What are the Best Exercises to Tone Thighs?

The best exercises to tone thighs are the ones that work the inner and outer upper leg muscles. If an exercise can be felt in these muscles, it’s likely to have a toning effect on the thighs. When doing exercises to tone thighs, patience is needed, as it may take a month or more of daily effort to notice more toned upper legs. There are all types of exercise options for thigh toning, from walking and running to cycling and leg lifts.

A classic thigh toner exercise is for a person to lay on his or her side on a mat or firm surface. One arm should have the elbow touching the ground with the hand propping up the head. The body should remain straight while the top leg is swung over so that the knee is up and the foot is comfortably flat on the floor. To create the thigh toning movement, the exerciser moves the lower leg up and down slowly while the other one remains still. The same number of leg lift exercises to tone thighs should be repeated by reversing the movements on the other side of the body.

The lunge is another classic exercise known for toning thighs. The exerciser stands straight with the hands by the sides and the feet together. Keeping one leg and foot forward, the exerciser turns at the waist and bends the other leg at the knee at a side angle in a lunging, downward stepping motion.

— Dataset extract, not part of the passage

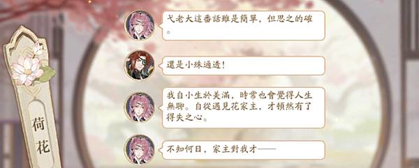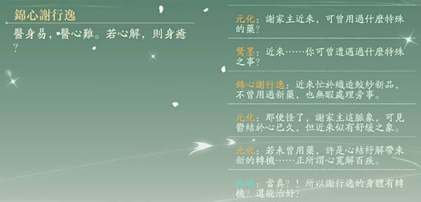 邂逅部分是謝老闆隨口告訴花家主鮫紗製作的流程,顯示信任關係

Lunges should be repeated on the other side, with the alternating sets done about 10 times on each side every day. A gradual increase to 20 completed lunge sets three times daily can be one of the most effective exercises to tone thighs. Each lunge should be held slightly to feel the stretch on the inner thigh.

Riding a regular or stationary bike is one of the best exercises to tone thighs. The repeated leg movements on the pedals give both the inner and outer thigh muscles a workout that can help firm them for a smoother look. Walking or cycling uphill can be super-toning on thighs. To tone thighs and burn fat, stair climbing up and down a staircase or using repeated stepping motions on one step is considered a good method.

A good mat exercise that can help create toned thighs is simple to do. The exerciser lays face up on a mat with the knees bent and the feet together. The legs should be moved outward to the sides at the knees slowly before being brought back up. A pull can be felt through the inner thighs. If the movements are done each day slowly and effectively with gradual increases added, it’s possible to see firmer thighs within a month or two.